* **WHAT IS REQUIRED**
Would you reproduce exactly, and only, the lines starting at the one with "A person filming" and ending at the last line of the data, with both included? Leave the pictures out.

--- THE DATA ---

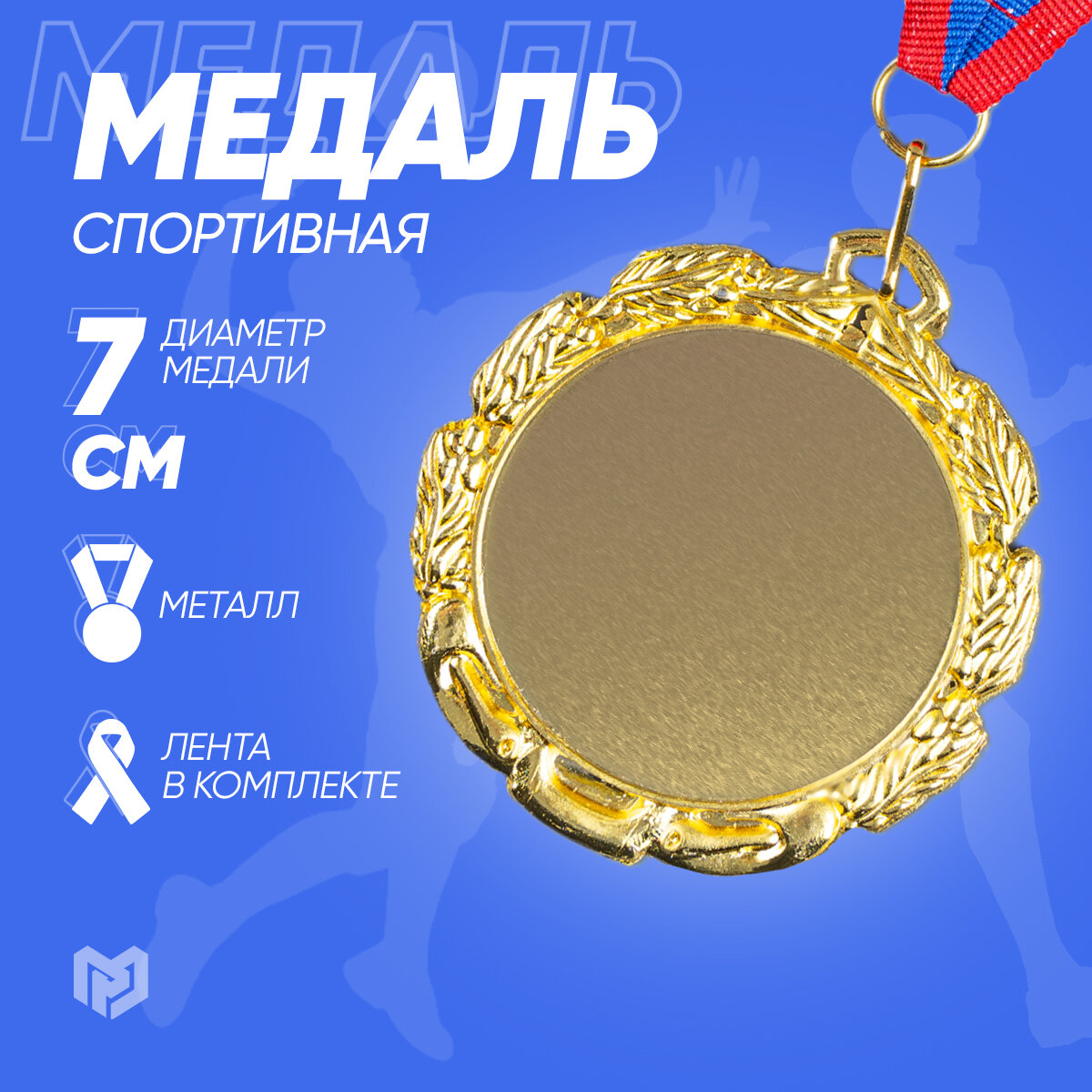 Медаль спортивная наградная под нанесение, золотой цвет, диаметр 7 см. С лентой в комплекте. интересное:
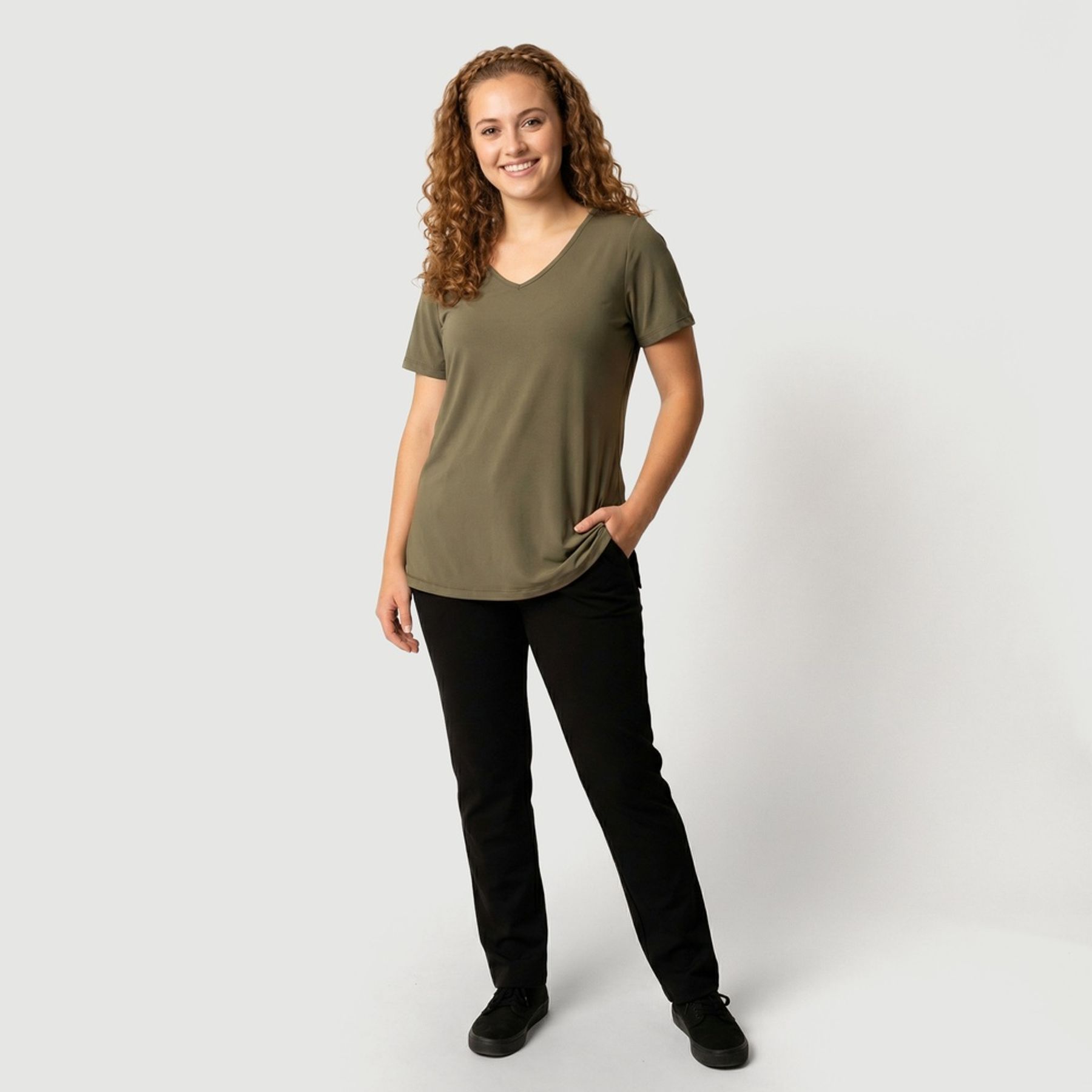 Economia de R$ 17,00A camiseta feminina Del Rio em micro dry liso é ideal para compor produções versáteis com praticidade. Em verde militar, tem malha sintética de composição mista com predominância de poliamida, com toque agradável e bom caimento.
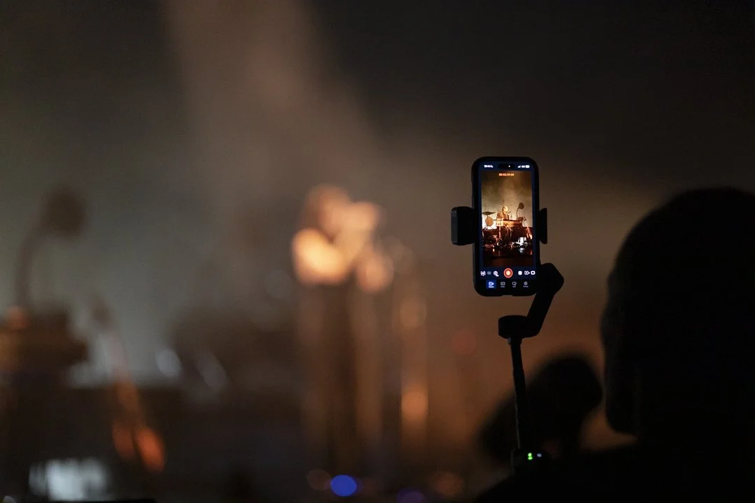 A person filming a blurry stage performance with a smartphone in a dark setting.
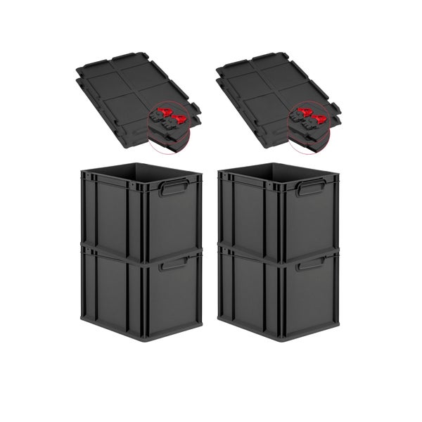 PROREGAL SuperSparSet 4x Eurobox NextGen Grip mit Scharnierdeckel und roten Schiebeschnappverschlüssen, HxBxT 32x30x40cm, 30 Liter, Schwarz, Griffe geschlossen, Eurobehälter, Transportbox, Transportbehälter, Stapelbehälter

---

* **TASK RESPONSE**
 A person filming a blurry stage performance with a smartphone in a dark setting.
 PROREGAL SuperSparSet 4x Eurobox NextGen Grip mit Scharnierdeckel und roten Schiebeschnappverschlüssen, HxBxT 32x30x40cm, 30 Liter, Schwarz, Griffe geschlossen, Eurobehälter, Transportbox, Transportbehälter, Stapelbehälter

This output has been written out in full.